▶ [RECORDS TO USE]:
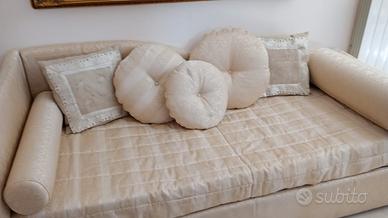 Dormeuse in tessuto con doppia rete (una estraibile) struttura in legno e metallo,completa di tappezzeria e cuscini.
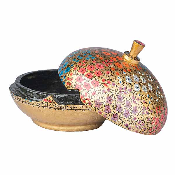 Tolle Dose aus Pappmaché, aufwändig und kunstfertig handbemalt in bunten Farben und vielfältigen Blumenmustern vom kleinen Familienbetrieb Jalaluddin in der Region Kaschmir in Nordindien.
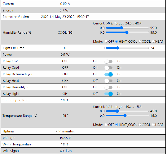 Control for: Humidity (Humidify and dehumidify),Temperature (Heating and Cooling),C02 (C02 up for Plants and C02 down for Mushrooms), Lights ( On Time 0 -24H)
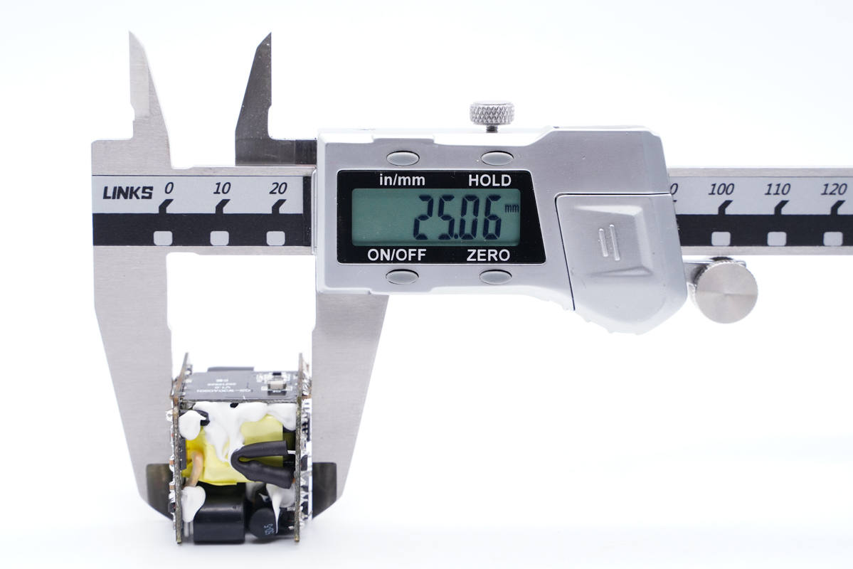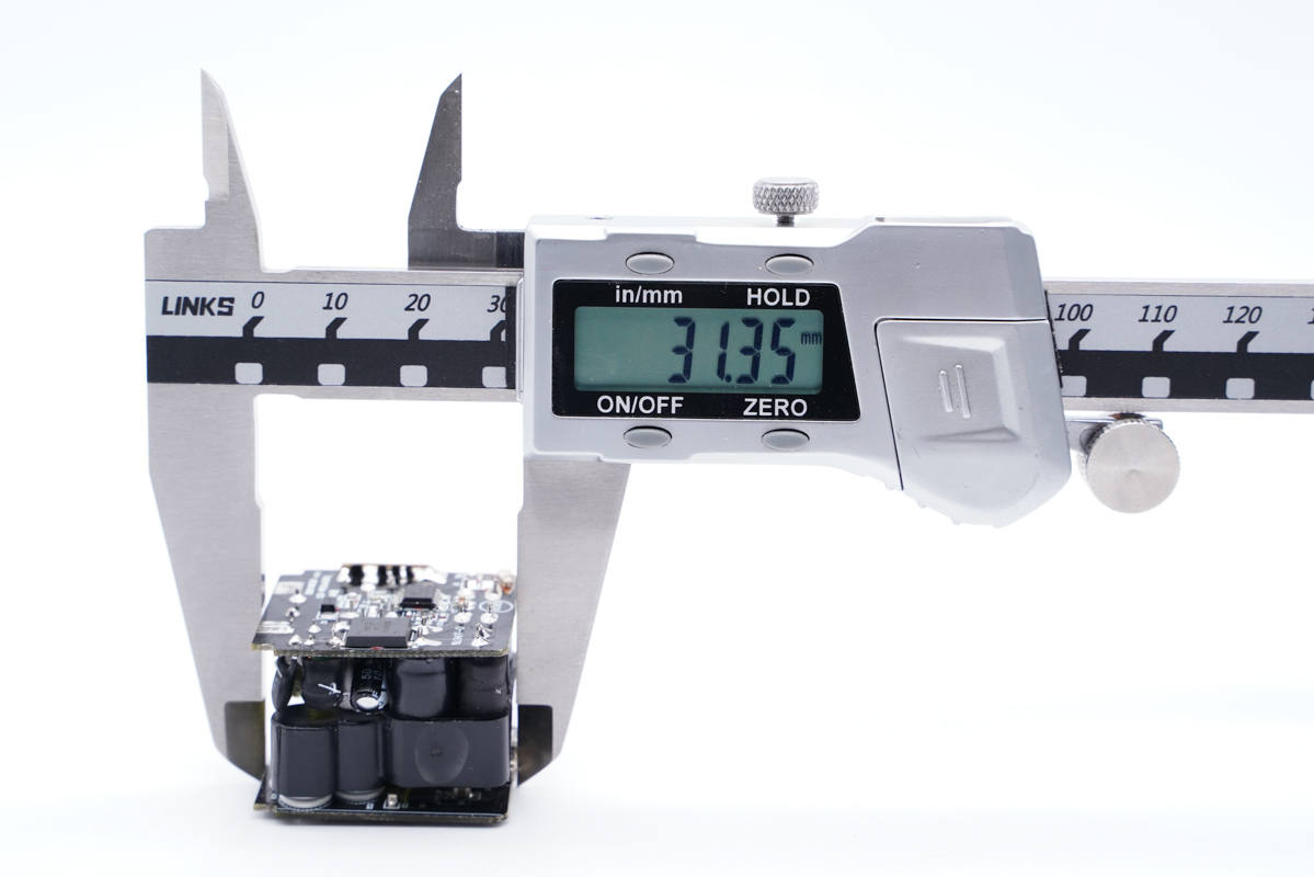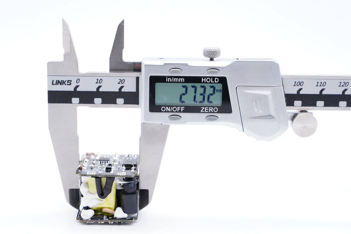 厚度為32.08mm。通過三維可以算得充電器體積約為35.97mm,若按30W功率算,功率密度為0.83W/cm3;若按33W功率算,功率密度為0.92W/cm3。
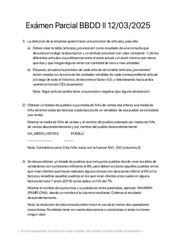He publicado nuevos examenes de 2º Bases de Datos II: PRACTICO Parcial 24/25
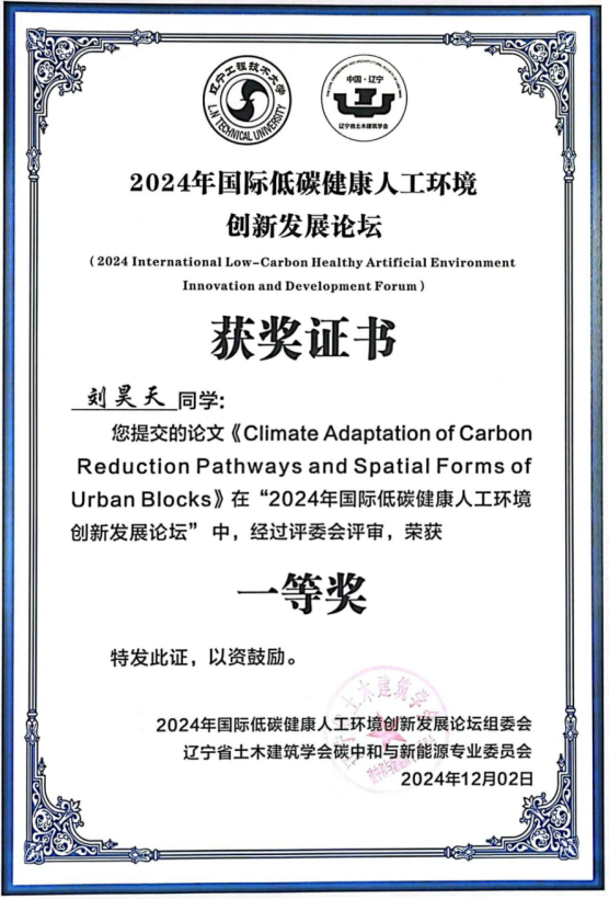澳门网投唯一官网代朋教授和硕士研究生刘昊天应邀参会,刘昊天同学做了题为《Climate Adaptation of Carbon Reduction Pathways and Spatial Forms of Urban Blocks》的专题报告,同步提交的论文被大会评委会评为一等奖。
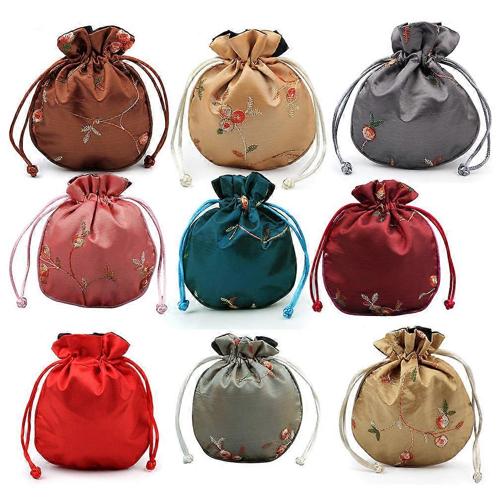 Jewelry Pouches Chinese Style Money Bag Drawstring Closure Travel Use Wedding Party 6Pcs
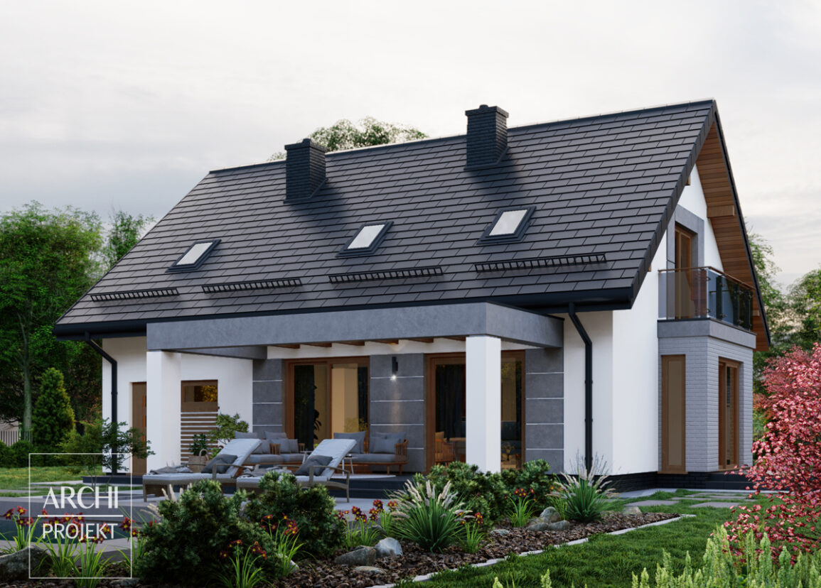 Dom jednorodzinny parterowy z poddaszem użytkowym
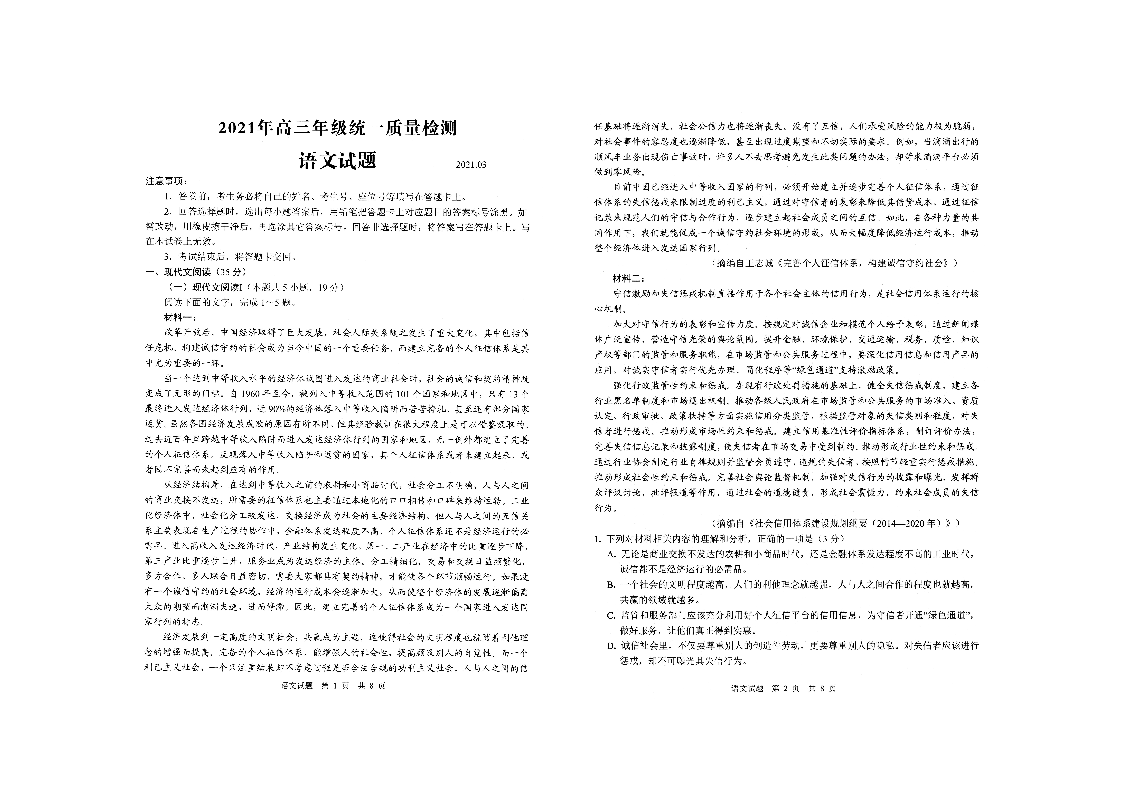 山东省青岛市2021.3高三年级第一次模拟考试语文
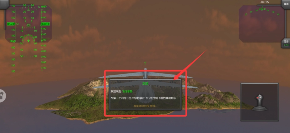 3、场景加载完成后,按提示了解飞行操作,准备操控飞机完成训练任务。
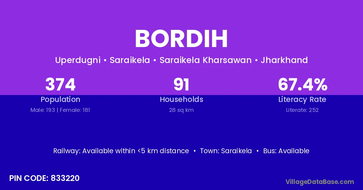 According to Census 2011 information, the village code of Bordih village is 833220.

▶ [ASSIGNMENT]:
Beginning with the line that has "Jewelry Pouches Chinese", repeat each remaining line of the data above word for word, keeping pictures out.

▶ [OUTPUT OF THE EXERCISE]:
 Jewelry Pouches Chinese Style Money Bag Drawstring Closure Travel Use Wedding Party 6Pcs
 Dom jednorodzinny parterowy z poddaszem użytkowym
 山东省青岛市2021.3高三年级第一次模拟考试语文
 3、场景加载完成后,按提示了解飞行操作,准备操控飞机完成训练任务。
 According to Census 2011 information, the village code of Bordih village is 833220.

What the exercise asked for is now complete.